Configuring specific local repositories

AMDGPU ROCm

To install ROCm, include the following line under softwares:

"amdgpu": [
       {"name": "rocm", "version": "6.0" }
   ]

BCM RoCE

To install RoCE, include the following line under softwares:

{"name": "bcm_roce", "version": "229.2.9.0"}

For a list of repositories (and their types) configured for RoCE, view the input/config/ubuntu/<operating_system_version>/bcm_roce.json file. To customize your RoCE installation, update the file. URLs for different versions can be found here:

{
  "bcm_roce": {
    "cluster": [
      {
        "package": "bcm_roce_driver_{{ bcm_roce_version }}",
        "type": "tarball",
        "url": "",
        "path": ""
      }
    ]
  }
}

Note

  • The RoCE driver is only supported on Ubuntu clusters.

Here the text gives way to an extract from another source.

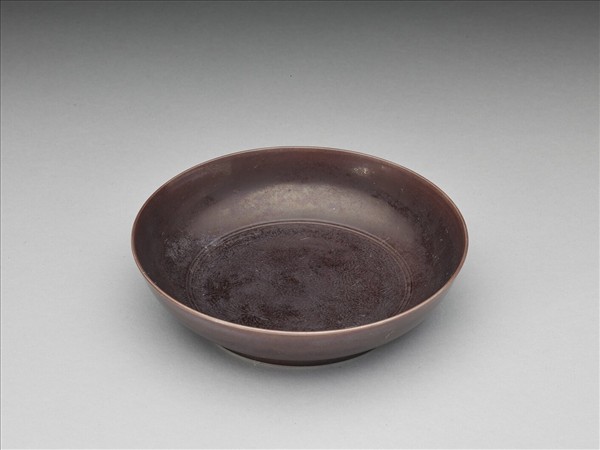 茄皮紫釉桃實紋盤

  • The only accepted URL for the RoCE driver is from the Dell Driver website.

BeeGFS

To install BeeGFS, include the following line under softwares:

{"name": "beegfs"},

For information on deploying BeeGFS after setting up the cluster, click here.

CUDA

To install CUDA, include the following line under softwares:

{"name": "cuda", "version": "12.3.2"},

For a list of repositories (and their types) configured for CUDA, view the input/config/<operating_system>/<operating_system_version>/cuda.json file. To customize your CUDA installation, update the file. URLs for different versions can be found here:

For Ubuntu:

{
    "cuda": {
      "cluster": [
        { "package": "cuda",
          "type": "iso",
          "url": "https://developer.download.nvidia.com/compute/cuda/12.3.2/local_installers/cuda-repo-ubuntu2204-12-3-local_12.3.2-545.23.08-1_amd64.deb",
          "path": ""
        }
      ]
    }
}

For RHEL or Rocky:

{
  "cuda": {
    "cluster": [
      { "package": "cuda",
        "type": "iso",
        "url": "https://developer.download.nvidia.com/compute/cuda/12.3.2/local_installers/cuda-repo-rhel8-12-3-local-12.3.2_545.23.08-1.x86_64.rpm",
        "path": ""
      },
      { "package": "dkms",
        "type": "rpm",
        "repo_name": "epel"
      }
    ]
  }
}
  • If the package version is customized, ensure that the version value is updated in software_config.json`.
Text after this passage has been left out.